How to Run an Eval Set

  1. Open your eval set from the Custom Eval page.
  2. Click Run Eval.
  3. What happens: The system sends every test case prompt to the agent, collects the responses, and scores each one against your selected metrics.
  4. How long it takes: Depends on the number of test cases and the agent's response time. A 10-case eval set typically takes 1–3 minutes.

Viewing Results

Results appear in the Run History panel:

Custom Eval Run History

Custom Eval Results

Overall Score:

  • A summary score (typically 0–1 or 0–100 depending on the metric) showing how well the agent performed across all test cases.
  • Displayed with a progress bar for visual clarity.

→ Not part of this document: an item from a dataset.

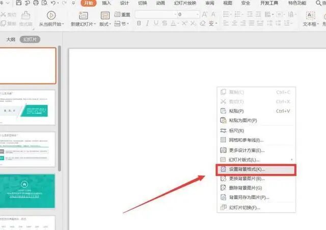 步骤二:在目标幻灯片上右击鼠标,点击“设置背景格式。”

Per-Case Breakdown: Click any run to see individual results:

ColumnWhat It Shows
Test CaseThe prompt that was sent
Agent ResponseWhat the agent actually replied
Expected AnswerYour golden answer (if provided)
ScoreThe metric score for this specific test case
Pass/FailWhether the score meets the threshold

Understanding Your Scores

Score RangeQuality LevelWhat to Do
0.9–1.0 (or 90–100)ExcellentYour agent handles these cases well. Consider adding harder test cases.
0.7–0.9 (or 70–90)GoodSolid performance with room for improvement. Review the lower-scoring cases.
0.5–0.7 (or 50–70)Needs ImprovementSignificant quality gaps. Analyze which cases failed and why.
Below 0.5 (or below 50)PoorThe agent is struggling with these cases. Review the system prompt and agent configuration.

Common Use Cases

ScenarioHow to Set It Up
"I want to test if my FAQ bot gives correct answers"Create test cases with FAQ questions and expected answers. Use response_match_score or final_response_match_v2.
"I want to check if responses are coherent and well-written"Create test cases with various prompts (no expected answers needed). Use coherence + fluency.
"I want to ensure my agent doesn't hallucinate"Create test cases with factual questions. Use groundedness + hallucinations_v1.
"I want to verify my agent uses tools correctly"Create test cases that require tool use. Use tool_trajectory_avg_score.
"I changed my agent's prompt and want to check for regressions"Re-run your existing eval set and compare the new scores against previous runs in the history.

Tips for Beginners

  • Start with 5–10 test cases — Cover the most common and most important use cases for your agent.
  • Include both easy and hard cases — Easy cases verify basic functionality; hard cases reveal the agent's limits.
  • Use multiple metrics — Don't rely on a single metric. Use a combination (e.g., response_match + coherence + safety) for a complete picture.
  • Re-run after changes — Every time you update your agent's system prompt, re-run your eval set to check for regressions.
  • Grow your eval set over time — When you find a bug in production, add it as a new test case to prevent regressions.